▸ **What this task involves**:
Beginning with the first line below, output every record verbatim and leave out the images.
BEGIN
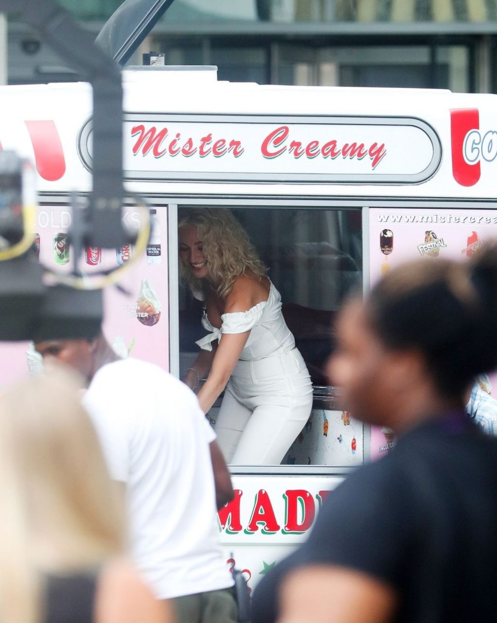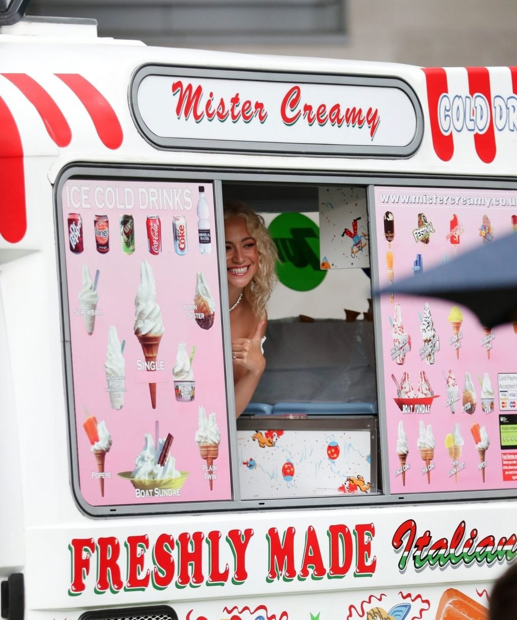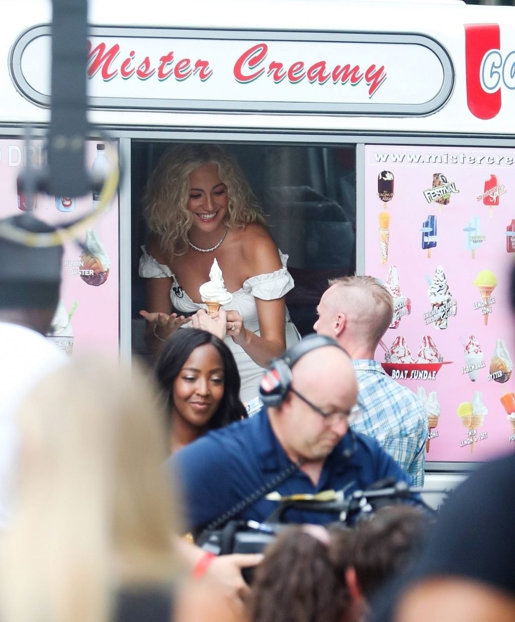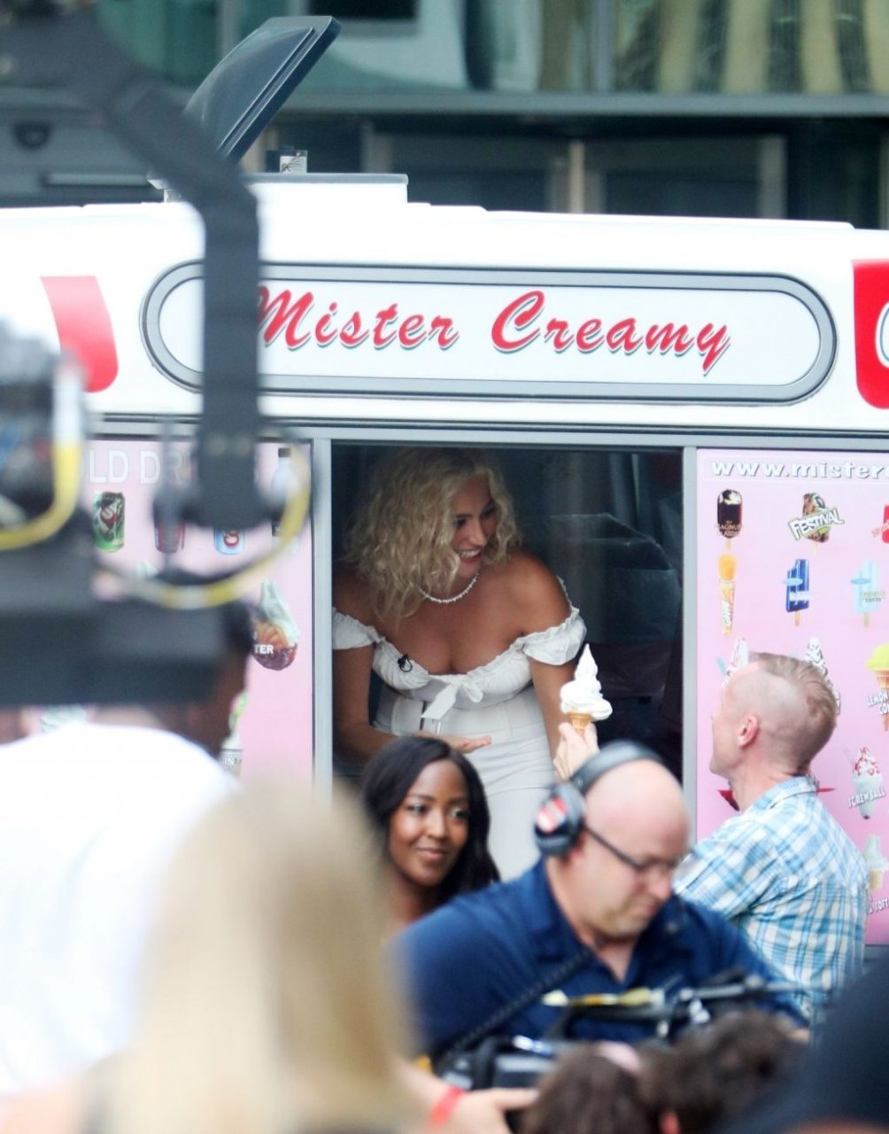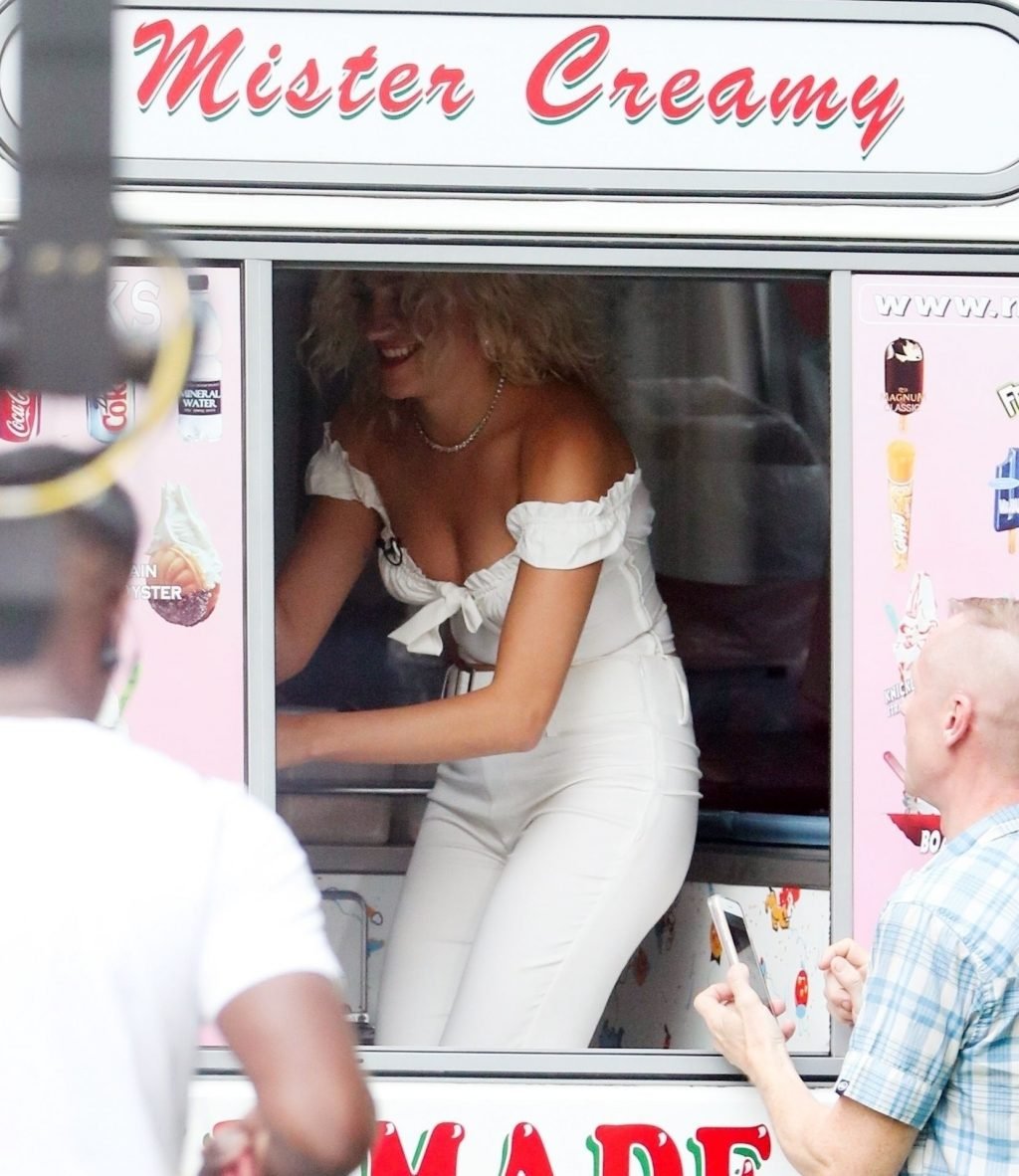 Pixie Lott faz uma aparição muito ousada arriscando um desastre no guarda-roupa enquanto serve sorvete ao vivo no The One Show durante o horário de pico de audiência – Londres, 25/07/2019.
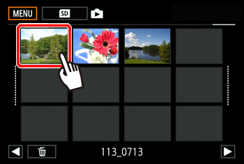 - 您可以用手指左/右拖曳以逐張瀏覽影像。也可以使用遙控桿瀏覽影像。
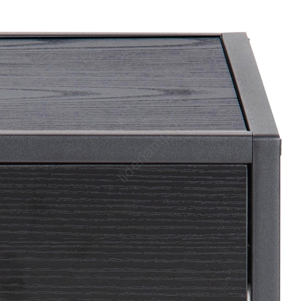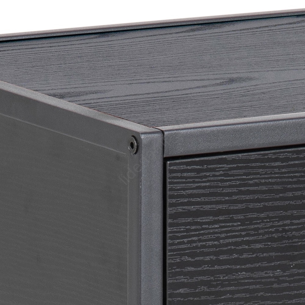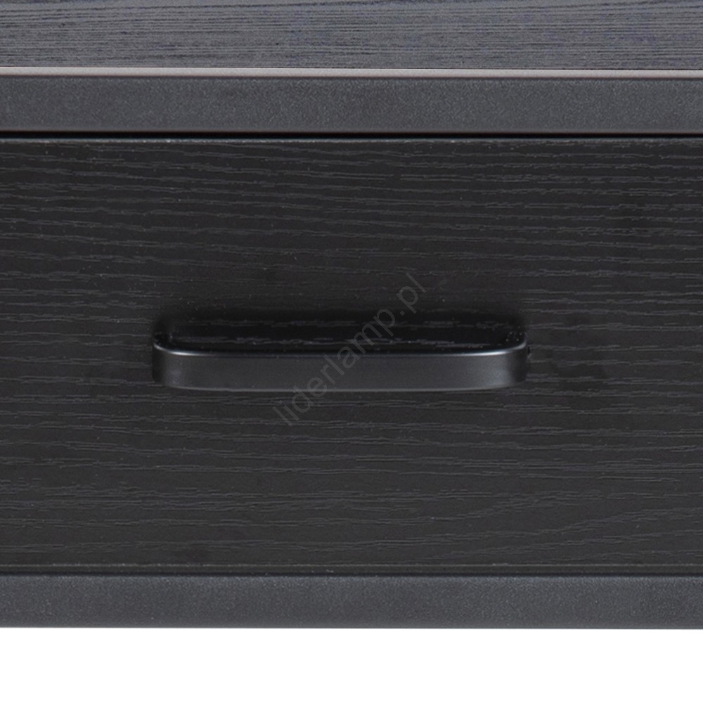 • Blat, rama, szuflada i półki z czarnej melaminy o chropowatej strukturze, podstawa z matowej czarnej stali z chropowatą powłoką proszkową i metalowymi prowadnicami.
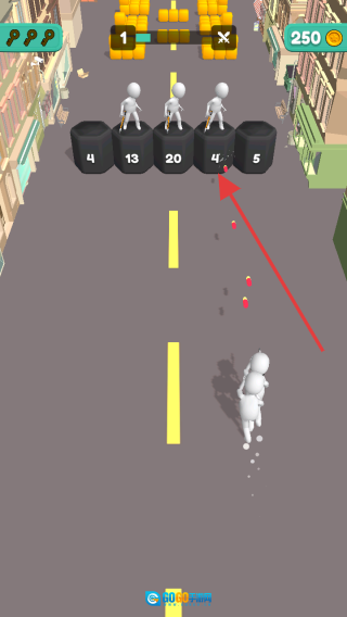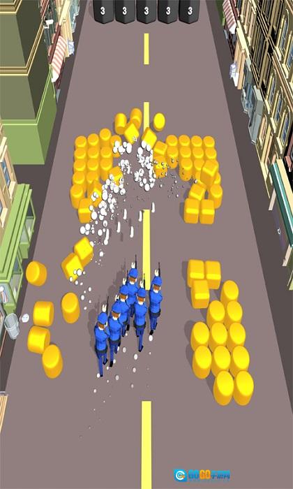 2、碰到带有数字标识的黑色桶时,桶上的数字表示需要攻击多少次才能将其击破,建议优先攻击有敌人站在上面的桶,这样既能消灭敌人,也能清除障碍。
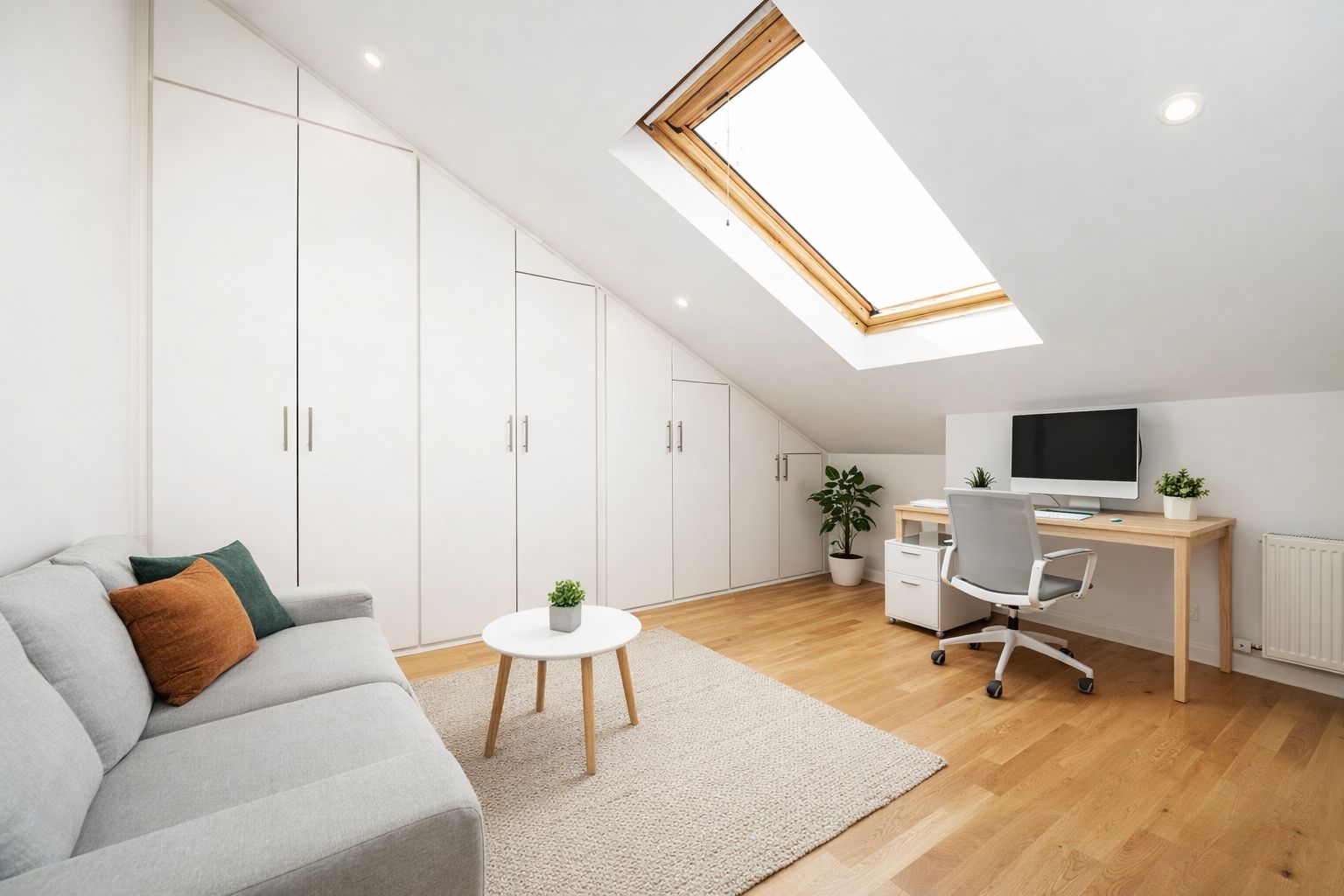 Podkroví se často mění v pracovnu, ateliér nebo místnost na cvičení. Vestavěná skříň zde funguje jako elegantní úkryt na kabely, šanony, techniku, materiál i náčiní. Výsledkem je vizuálně čistý prostor, ve kterém se lépe pracuje i odpočívá.
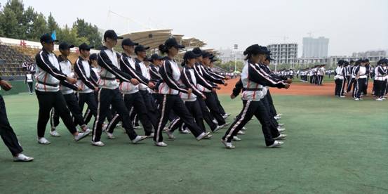 “向左转!”“向右转!”“稍息!”“敬礼!”教官们下达的每个口令,学生都迅速做出了反应。那一瞬间的整齐,使整个训练场充满了庄严的气势。最简单的动作,在训练场上无数次地重复着,学子们正学会用自己的心去真切体会军人的钢铁般意志。
END
▸ **Written response**:
 Pixie Lott faz uma aparição muito ousada arriscando um desastre no guarda-roupa enquanto serve sorvete ao vivo no The One Show durante o horário de pico de audiência – Londres, 25/07/2019.
 - 您可以用手指左/右拖曳以逐張瀏覽影像。也可以使用遙控桿瀏覽影像。
 • Blat, rama, szuflada i półki z czarnej melaminy o chropowatej strukturze, podstawa z matowej czarnej stali z chropowatą powłoką proszkową i metalowymi prowadnicami.
 2、碰到带有数字标识的黑色桶时,桶上的数字表示需要攻击多少次才能将其击破,建议优先攻击有敌人站在上面的桶,这样既能消灭敌人,也能清除障碍。
 Podkroví se často mění v pracovnu, ateliér nebo místnost na cvičení. Vestavěná skříň zde funguje jako elegantní úkryt na kabely, šanony, techniku, materiál i náčiní. Výsledkem je vizuálně čistý prostor, ve kterém se lépe pracuje i odpočívá.
 “向左转!”“向右转!”“稍息!”“敬礼!”教官们下达的每个口令,学生都迅速做出了反应。那一瞬间的整齐,使整个训练场充满了庄严的气势。最简单的动作,在训练场上无数次地重复着,学子们正学会用自己的心去真切体会军人的钢铁般意志。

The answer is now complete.